**PROBLEM TO SOLVE**
Transcribe every line of the material below without change, apart from dropping the pictures.

**INPUT DATA**
= Beginning of Section =

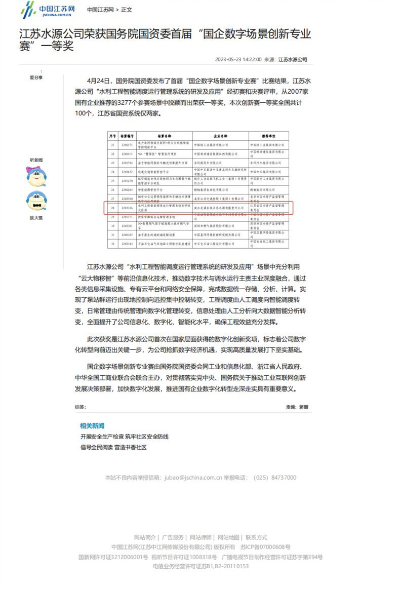 学习强国、中国江苏网——江苏水源公司荣获国务院国资委首届“国企数字场景创新专业赛”一等奖
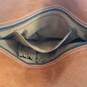 Here is a favorite pattern by Patricia Nash, the “Spring Multi” pattern print from her classic “Heritage Collection”. This is a wonderful “everything” bag that comes with detachable shoulder and crossbody straps in tan leather allowing a true “custom fit” for all your needs be it shopping, travel, museum or the beach. Made of Italian leather, it is also lined in a plush faux beige suede found in all Patricia Nash handbags. A hidden snap pocket is found on the back to hide keys with two slip pockets and a large zippered pocket inside the main compartment. Interior compartment is in “mint like-new” condition. Some discoloration found on the top of the shoulder straps (please see photo). This has years and years of life in it as it has been very gently used and presents in EUC. Comes with a Patricia Nash dust bag. Ready to bring an early spring and take you anywhere you want to go! Ships out quickly!
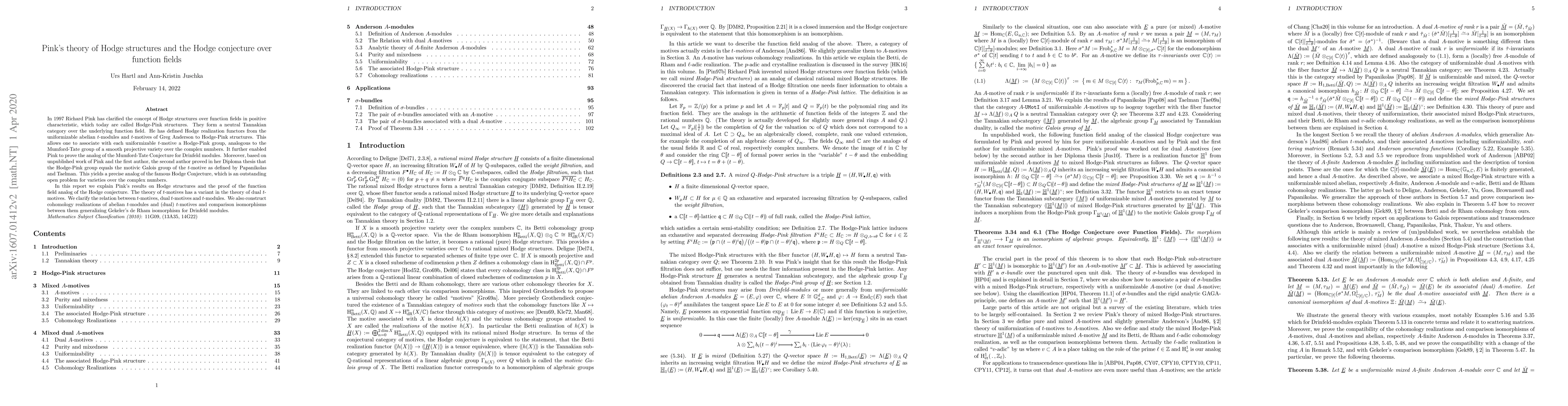 Summary: Richard Pink's theory of Hodge-Pink structures over function fields in positive characteristic establishes a neutral Tannakian category, defining Hodge realization functors for uniformizable abelian $t$-modules and $t$-motives. This work allows the association of Hodge-Pink groups to $t$-motives, proving an analog of the Mumford-Tate Conjecture and the Hodge Conjecture in function fields, and clarifies the relationship between $t$-motives, dual $t$-motives, and $t$-modules.

= End of Section =

**RESULT FOR THIS EXERCISE**
 学习强国、中国江苏网——江苏水源公司荣获国务院国资委首届“国企数字场景创新专业赛”一等奖
 Here is a favorite pattern by Patricia Nash, the “Spring Multi” pattern print from her classic “Heritage Collection”. This is a wonderful “everything” bag that comes with detachable shoulder and crossbody straps in tan leather allowing a true “custom fit” for all your needs be it shopping, travel, museum or the beach. Made of Italian leather, it is also lined in a plush faux beige suede found in all Patricia Nash handbags. A hidden snap pocket is found on the back to hide keys with two slip pockets and a large zippered pocket inside the main compartment. Interior compartment is in “mint like-new” condition. Some discoloration found on the top of the shoulder straps (please see photo). This has years and years of life in it as it has been very gently used and presents in EUC. Comes with a Patricia Nash dust bag. Ready to bring an early spring and take you anywhere you want to go! Ships out quickly!
 Summary: Richard Pink's theory of Hodge-Pink structures over function fields in positive characteristic establishes a neutral Tannakian category, defining Hodge realization functors for uniformizable abelian $t$-modules and $t$-motives. This work allows the association of Hodge-Pink groups to $t$-motives, proving an analog of the Mumford-Tate Conjecture and the Hodge Conjecture in function fields, and clarifies the relationship between $t$-motives, dual $t$-motives, and $t$-modules.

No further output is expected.